I feel like a weaker version of this requirement would be to find the shape of the boundary of the basin of convergence (for iterative gradient descent optimization) for the extremum point $e$, and then stepping in different directions across (and outward of) the boundary, attempting to find the neighbouring extremum points.
If one would succeed, the result would be something like a Voronoi partition of the domain of the function $f(\cdot)$, where the points $e_i$ of the Voronoi tessellation are the local extrema of the function $f(\cdot)$, and each basin of convergence for a point $e_i$ would be a Voronoi cell.
Connecting the neighbouring Voronoi points would give us a graph $\mathcal{G}$, which could be used for finding nearest-neighbouring extrema for a given local extremum. Does there exist a method for computing such graph?

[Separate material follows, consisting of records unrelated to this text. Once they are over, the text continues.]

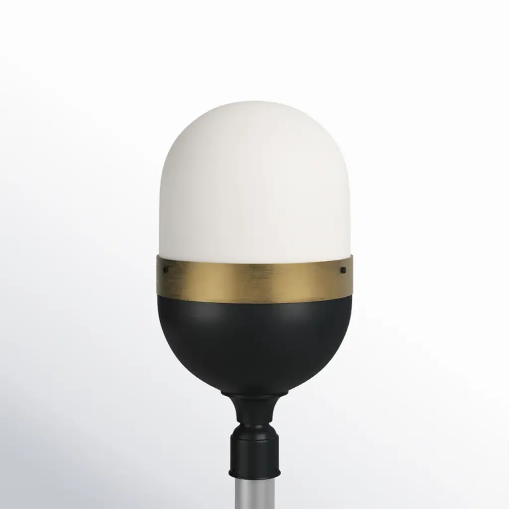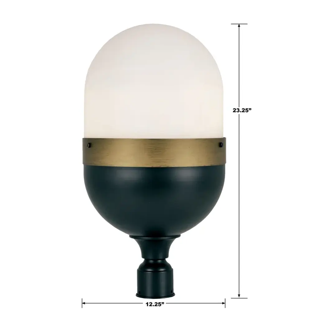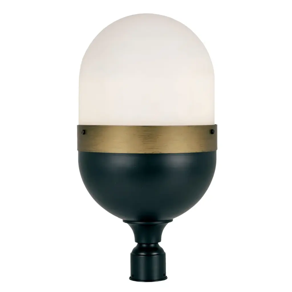 The Fairwinds XL outdoor post light is perfectly suited to driveways, walking paths, and strategically placed landscape venues, adding safety for visitors. An inner hand-shaped, slightly curved open aluminum structure surrounds the light and is encased in an extra-large, substantial clear glass shade.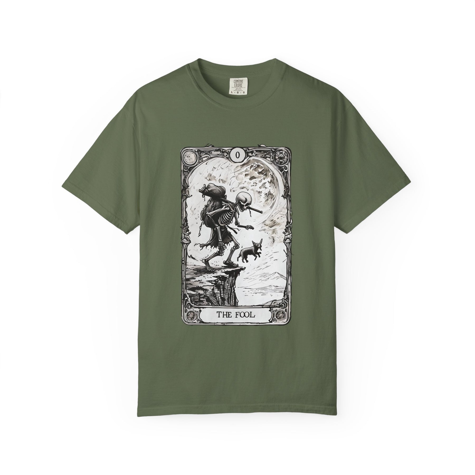 Step into the mystical unknown with The Fool Tarot Card Skeleton T-Shirt, featuring an intricate black-and-white design reimagining “The Fool” card from the Major Arcana. A haunting skeleton, loyal dog companion, and chaotic moon set the scene for adventure, transformation, and faith in the journey ahead.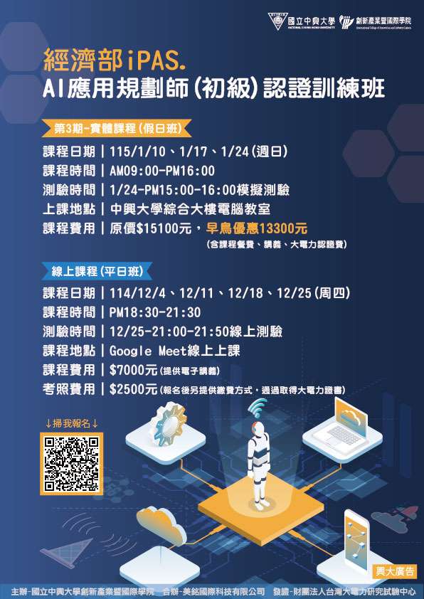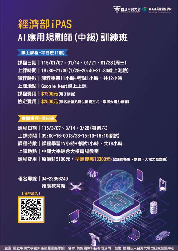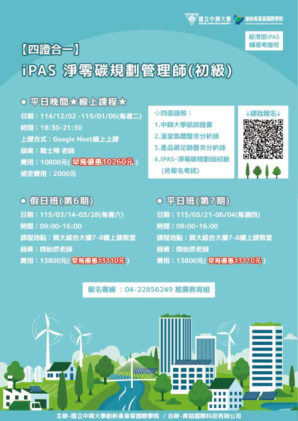 國立中興大學辦理「四證合一-經濟部 iPAS 淨零碳規劃管理師(初級)輔導考證班、經濟部iPAS-AI應用規劃師(初級、中級)輔導訓練班」招生訊息,即日起開放報名
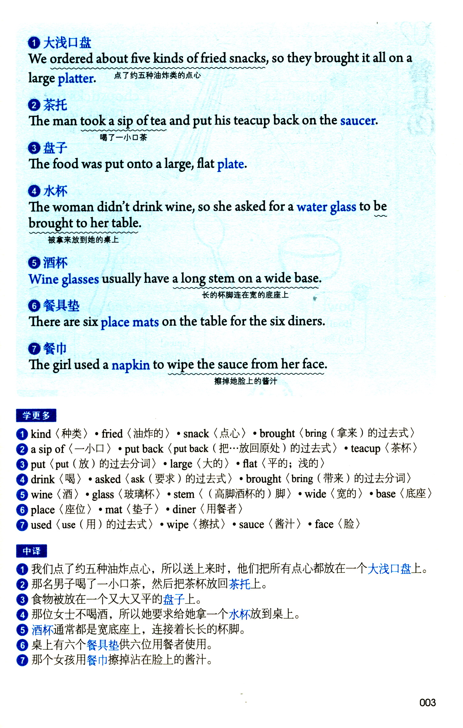 针对经典例句进行详细解析,包括单词注释、固定短语和常用语法、句型等,学单词的同时不忘增加其他语法知识。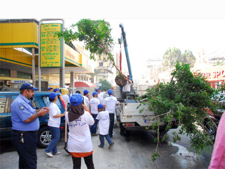 كلمات قليلة تفوه بها المهندس حاطوم، كانت كافية لتأخذ كل مجموعة مكانها، عناصر الشرطة، مجموعة إزالة التعديات، مجموعة رش المبيدات، فرق غرس الأشجار، عمال تنظيف الشوارع ومجموعات من المتطوعين والمتطوعات.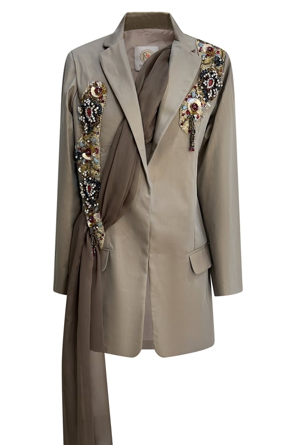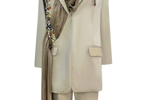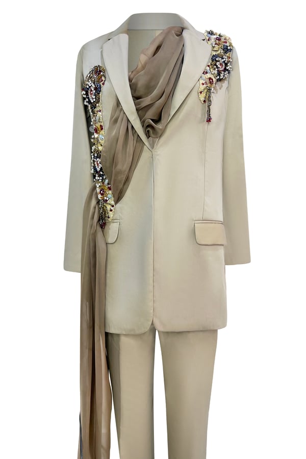 Blazer and pants of elegant fabric and chiffon embroidered with the most beautiful beads
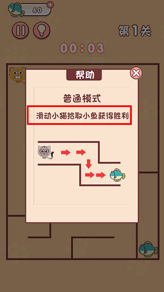 1、普通模式:滑动小猫拾取小鱼获得胜利;2、限时模式:限定时间内(25秒)拾取小鱼获得胜利;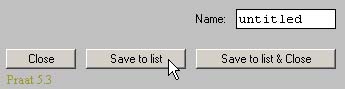 There’s a group of buttons in the bottom right corner of the Sound recorder, for finishing the task of recording. Click Save to list and the new recording will be transferred to the Objects list in the Objects window with the name taken from the name box. The default name “untitled” will be used if you don’t provide a name.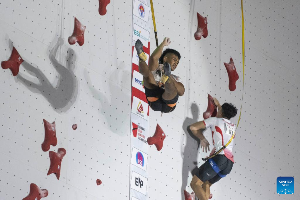 Rahmad Adi Mulyono of Indonesia competes during the Final of Men Speed of IFSC Asian Qualifier Jakarta 2023 in Jakarta, Indonesia, Nov. 12, 2023. (Xinhua/Xu Qin)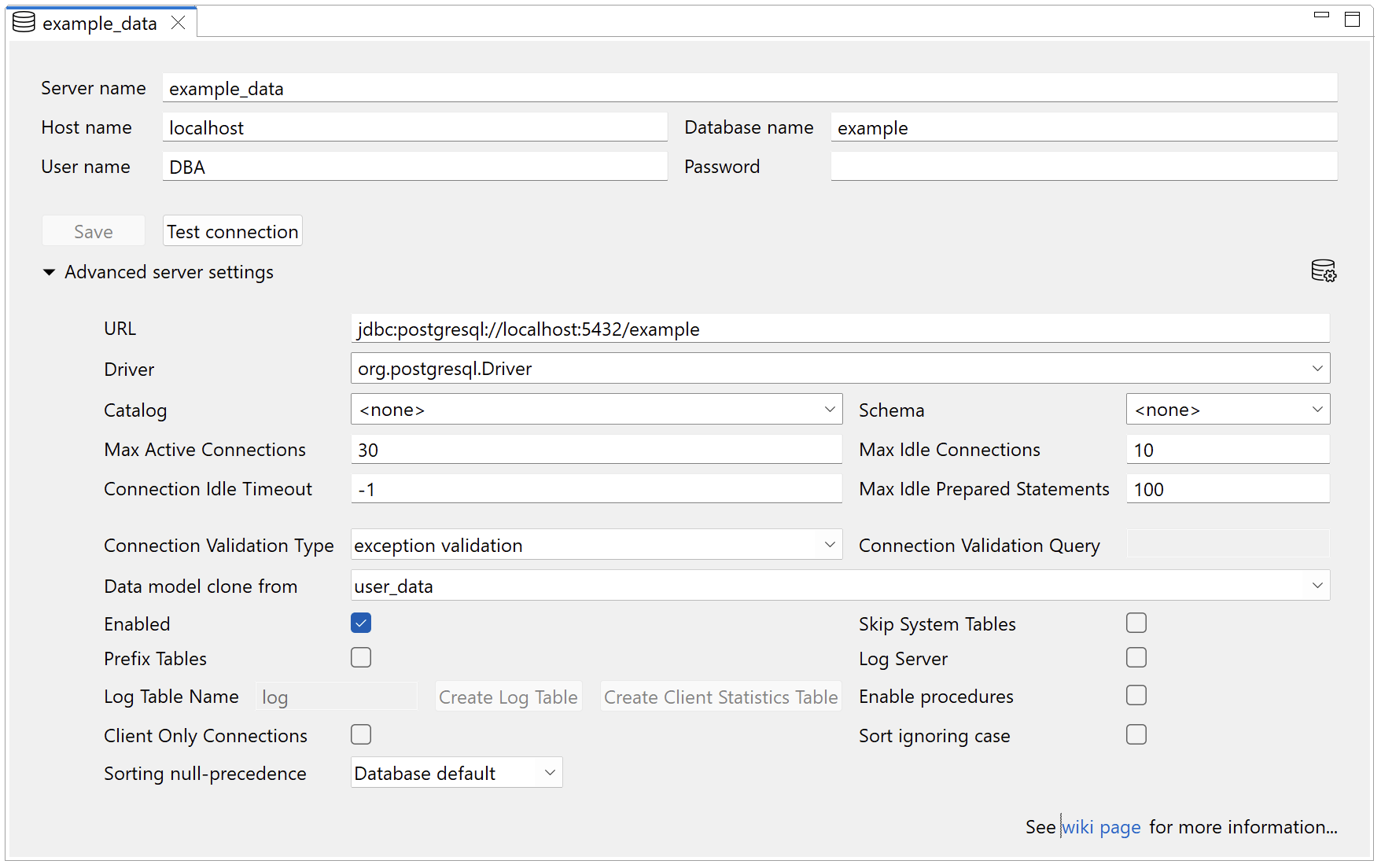 * **Server name:** A unique identifier for the database server connection within Servoy. This name is used in data bindings and scripts to reference this particular connection.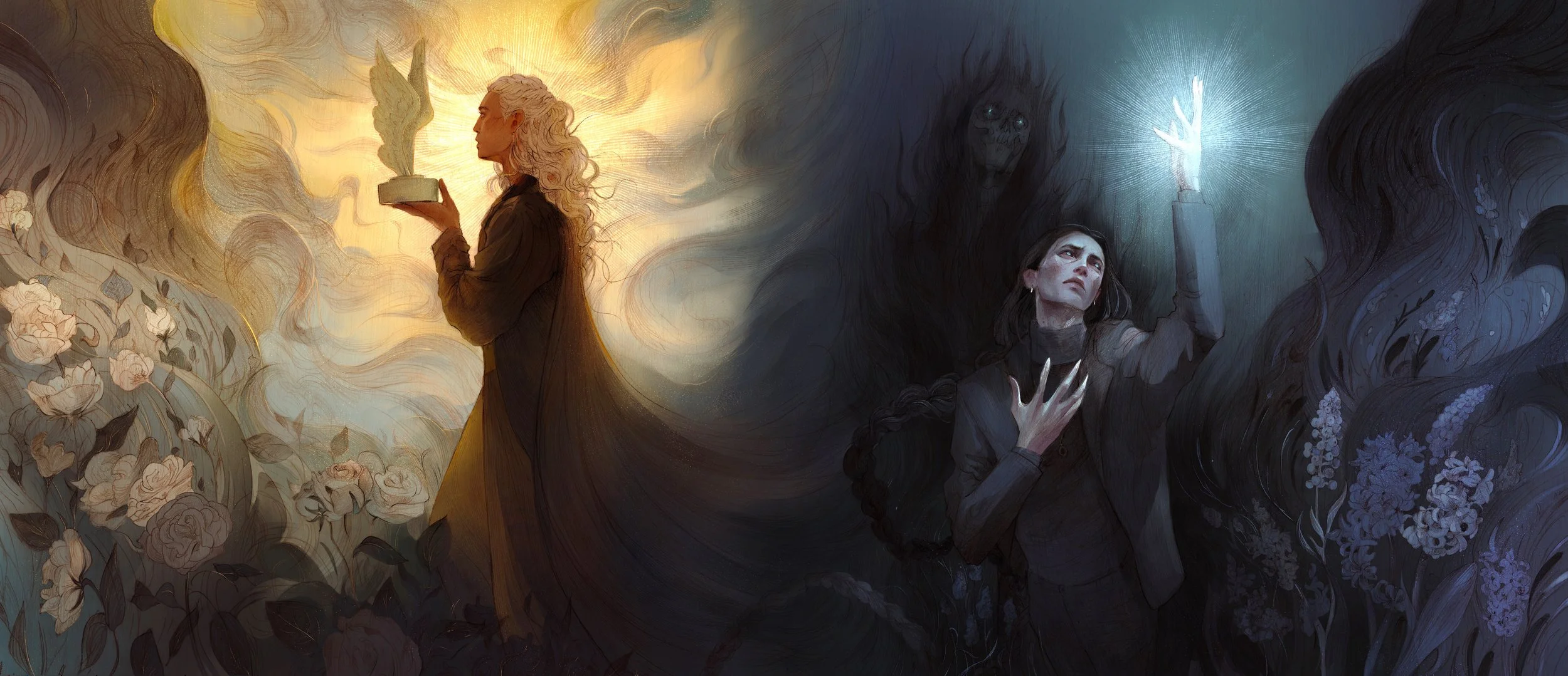 With this dust jacket concept, I especially wanted to highlight the differences between our two main characters, Drake (right/front cover) and Hyakinthos (left/back cover). The primary way that I went about doing so was by depicting two different times of day: here Drake is shown surrounded by the oppressive gloom and shadows of nighttime, while Hyakinthos strolls through a glistening rose garden and cloudscape at dawn. Roses and hyacinths also feature prominently across the dust jacket side-flaps, symbolically representing each opposing character.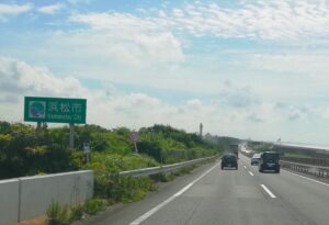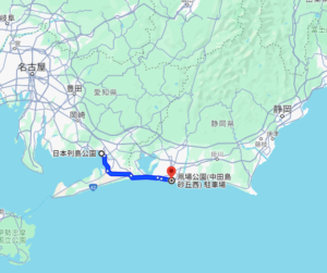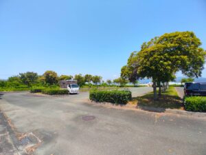 しばらく走ると、今日の宿営場所の中田島砂丘西駐車場に到着です。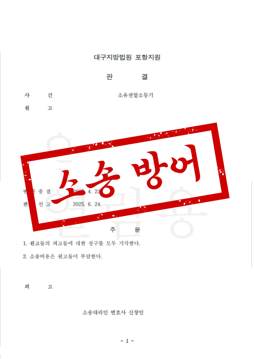 결국 의뢰인께선 상대방이 제기한 말소등기 소송을 방어하며 기존 부동산 소유권을 그대로 유지할 수 있었습니다.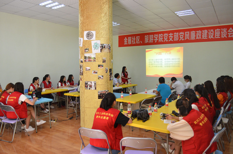5月26日下午,旅游学院党支部第23期30余名党校学员与金雁社区联合开展以“凝聚青春力量,争做合格党员”为主题的党风廉政建设教育实践座谈会。罗江县民政局纪检组长黄兴明、金雁社区党支部书记赖晓娟、旅游学院支部副书记何林贵出席座谈会。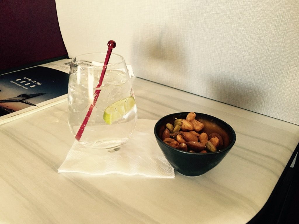 Nachdem weniger als 10 Minuten nach dem Start die Anschnallzeichen ausgegangen sind, hat man auch direkt mit der Vorbereitung für den Service begonnen. So hatte ich wenige Minuten später einen Drink und warme Nüsse neben mir stehen.

Or at least a method that would uncover a local subgraph of the graph $\mathcal{G}$, say 1-ring neighbourhood for a given extremum point $e_i$?
My motivation is optimization: there are multiple starting points that will converge to the same local extremum when using gradient descent or Gauss-Newton, so why not come up with a transformation that would "convert" the function $f(\cdot)$ into a local graph of connected extrema? We could then explicitly check which of the extremum points is the optimal one suitable for our task.